Which is Heavier? - Car or Soft Drink Shipments?

by Stephen Shapiro

Last week I had a fantastic meeting with the CEO of a mid-sized energy company. We had a number of fascinating conversations ranging from Personality Poker, Open Innovation, and alternative energy.

In the meeting, I was drinking my "caffeine in a can" - a diet cola.

The CEO pointed at my soft drink and said that it was one of the worst energy hogs.

He pointed out that years ago, Coke was sold as syrup (in fact, it was originally sold for medicinal purposes). The carbonated water was added at the point of sale (e.g., the pharmacy or soda shop). Less energy was expended in the packaging process. Less material was used for the packaging itself. But more importantly, less energy was used in shipping.

After doing some digging, I found that, according to one website, 500ml of syrup makes the equivalent of 12 liters. That means that a can of cola contains <5% syrup and over 95% carbonated water. According to one study, nearly 300 billion liters of soft drinks are sold a year. Hoovers research shows that only 35% of that is from fountain sales.

Ok, so let's do some math.

A liter of soft drink weights approximately 1 kilogram. This means that a liter is over 2.1 pounds of water, and .1 pounds of syrup. At 65% bottle/cans (excluding the 35% fountain sales), this is over 400 billion pounds of carbonated water needlessly shipped with the syrup. Let's not forget the weight of the cans/bottles. To put this in context, this is the weight of 100 million cars. In 2007, 16 million cars, SUVs and trucks were sold in the US. Every car sold in the United States over the past 6 years weighs less than the weight of the excess water shipped EVERY year with bottled soft drinks.

Enough of the math. I could attempt to calculate the average distance the bottles travel and the amount of fuel required for transportation, but I just don't have the time. And I suspect you get the idea.

What do you do about it?
  • Of course advocates are trying to reduce the amount of soft drinks we consume. But so far nothing points to that being a successful strategy.

  • Encourage people to buy and use soda machines. There are several companies that provide this type of product. You buy the machine, the syrup and the gas cartridges.

  • Another option might be to find a solution similar to Crystal Light "On-the Go." The challenge is adding carbonation to a powder. While eating Pop Rocks Candy the other day, I realized that there must be a way of addressing this.

Crystal Light to GoOf course there are many more possible solutions. But the solution is not the point of this article.

Innovation is about asking better question.

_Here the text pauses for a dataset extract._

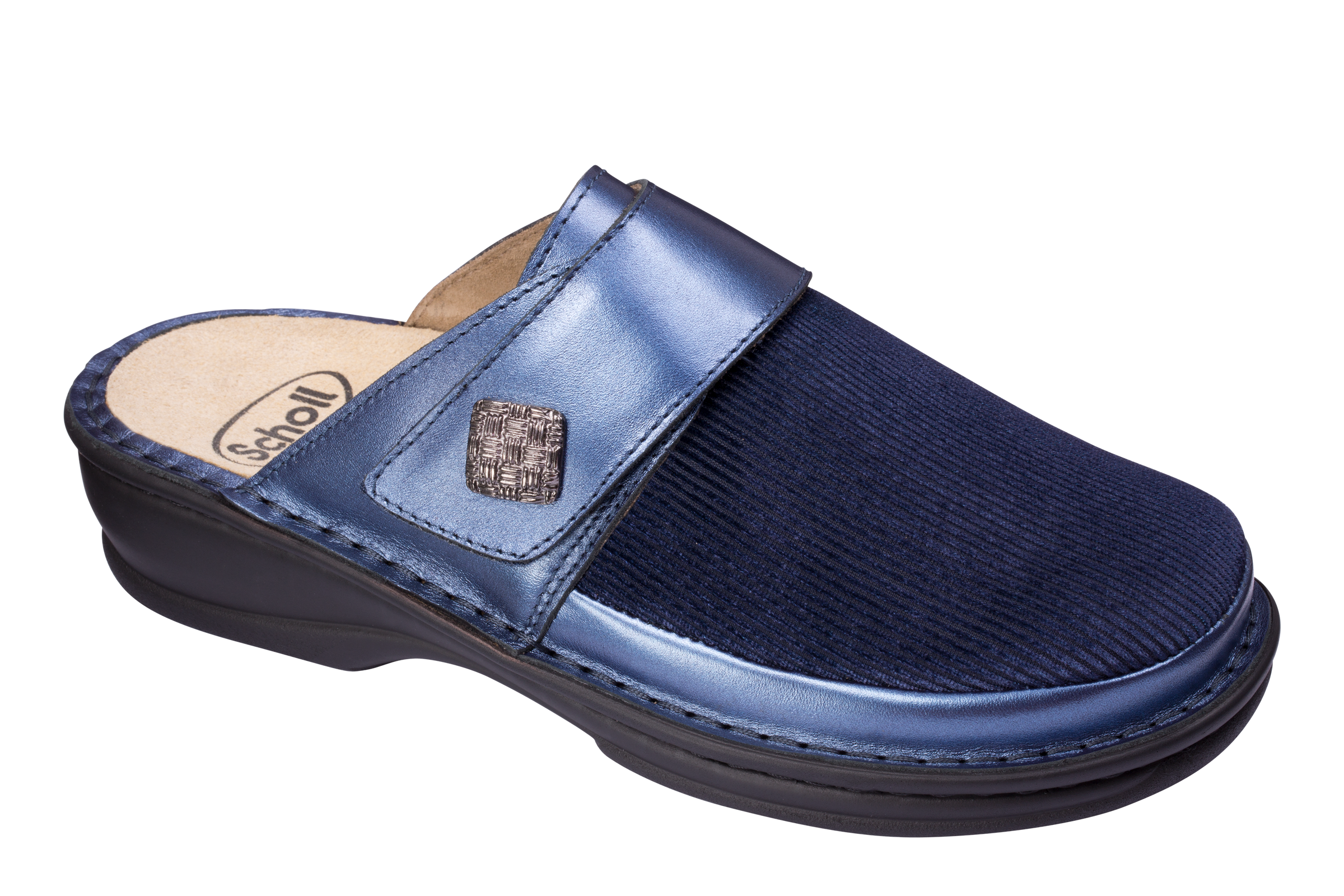 Ondina is a slipper that has been designed to be comfortably worn yet which elegantly adapts itself to all styles and scenarios. A wide portion of the leather upper is elasticated in order to ensure greater comfort for particularly delicate feet or those with hallux valgus (bunions). Moreover, the Velcro band on the upper ensures excellent adjustability. This footwear is characterised by Scholl Bioprint® - Removable Insole technology, with a removable cork and rubber insole.

It is about surfacing the hidden assumptions. When looking at issues (environmental, business, or personal), sometimes you need to question everything...even the can of soda in your hand.

P.S. Soft drinks account for the largest percentage of the "liquid refreshment beverage" market. This article did not even include the oft-maligned bottled water industry, which is smaller in size. Do you want to know how far your bottled water traveled to go to you? Check out this article.

P.P.S. I am not suggesting we eliminate soft drinks. My consumption of diet cola - especially first thing in the morning - is one of my guilty pleasures!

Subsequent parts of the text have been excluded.